(Source material)

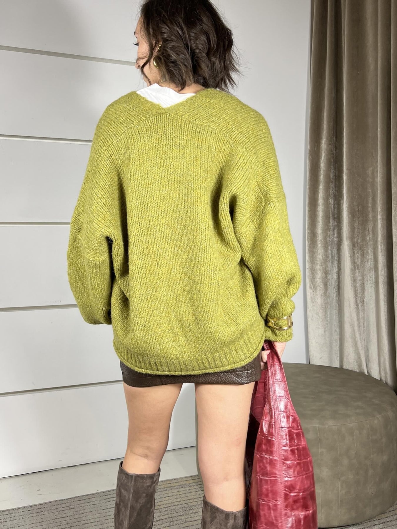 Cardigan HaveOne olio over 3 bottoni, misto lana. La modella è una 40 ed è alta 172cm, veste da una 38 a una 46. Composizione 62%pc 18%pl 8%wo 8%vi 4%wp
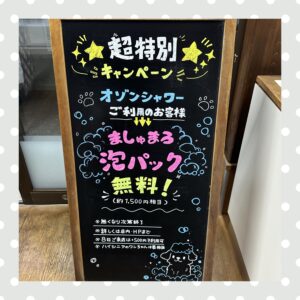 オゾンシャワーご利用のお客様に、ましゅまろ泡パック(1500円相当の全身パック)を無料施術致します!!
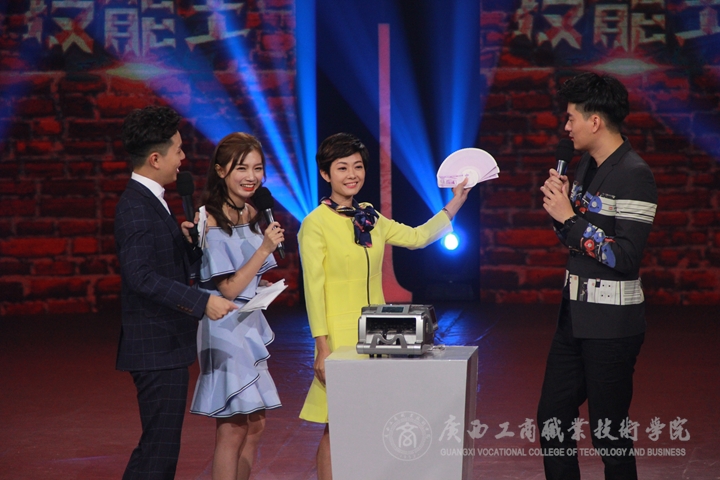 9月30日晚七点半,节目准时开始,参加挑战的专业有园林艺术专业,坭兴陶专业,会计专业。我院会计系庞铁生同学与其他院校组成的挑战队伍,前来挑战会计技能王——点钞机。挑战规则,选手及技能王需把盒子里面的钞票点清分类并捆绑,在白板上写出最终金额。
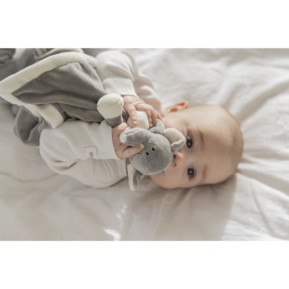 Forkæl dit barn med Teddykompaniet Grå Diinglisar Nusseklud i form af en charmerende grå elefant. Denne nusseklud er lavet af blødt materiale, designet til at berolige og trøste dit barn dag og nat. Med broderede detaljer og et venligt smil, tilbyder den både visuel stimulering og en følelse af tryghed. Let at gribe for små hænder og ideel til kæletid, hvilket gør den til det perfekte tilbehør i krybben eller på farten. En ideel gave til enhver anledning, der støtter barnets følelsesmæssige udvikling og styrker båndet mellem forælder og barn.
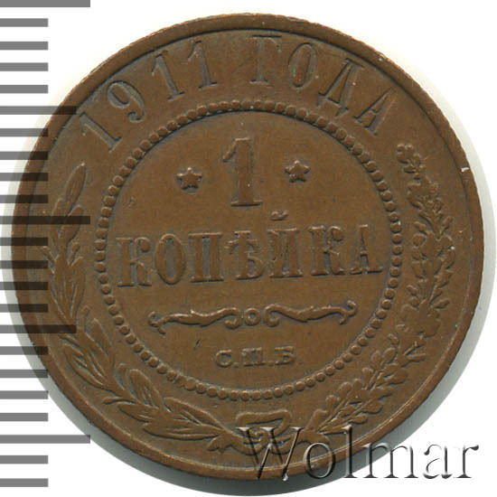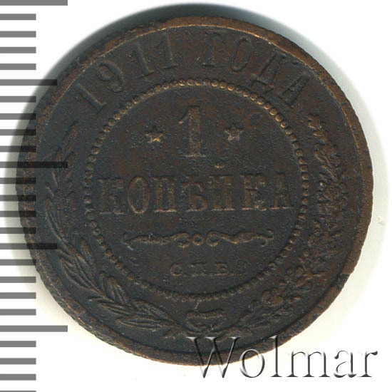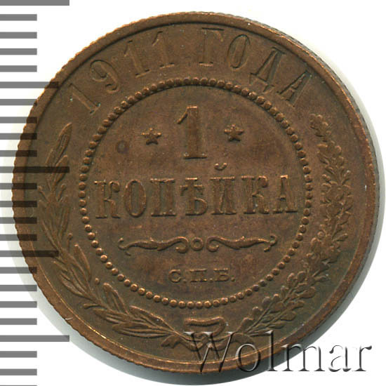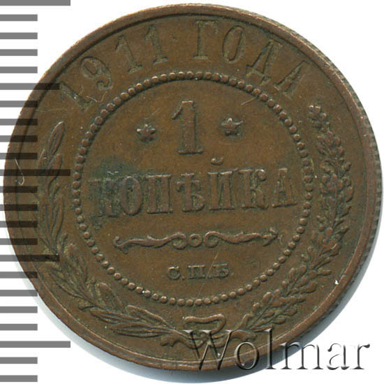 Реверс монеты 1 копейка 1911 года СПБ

(End Source material)

> **What to work on**
Only the lines from the line with "Forkæl dit barn" through the final line of the material belong in the answer, copied exactly and without pictures.

> **Exercise result**
 Forkæl dit barn med Teddykompaniet Grå Diinglisar Nusseklud i form af en charmerende grå elefant. Denne nusseklud er lavet af blødt materiale, designet til at berolige og trøste dit barn dag og nat. Med broderede detaljer og et venligt smil, tilbyder den både visuel stimulering og en følelse af tryghed. Let at gribe for små hænder og ideel til kæletid, hvilket gør den til det perfekte tilbehør i krybben eller på farten. En ideel gave til enhver anledning, der støtter barnets følelsesmæssige udvikling og styrker båndet mellem forælder og barn.
 Реверс монеты 1 копейка 1911 года СПБ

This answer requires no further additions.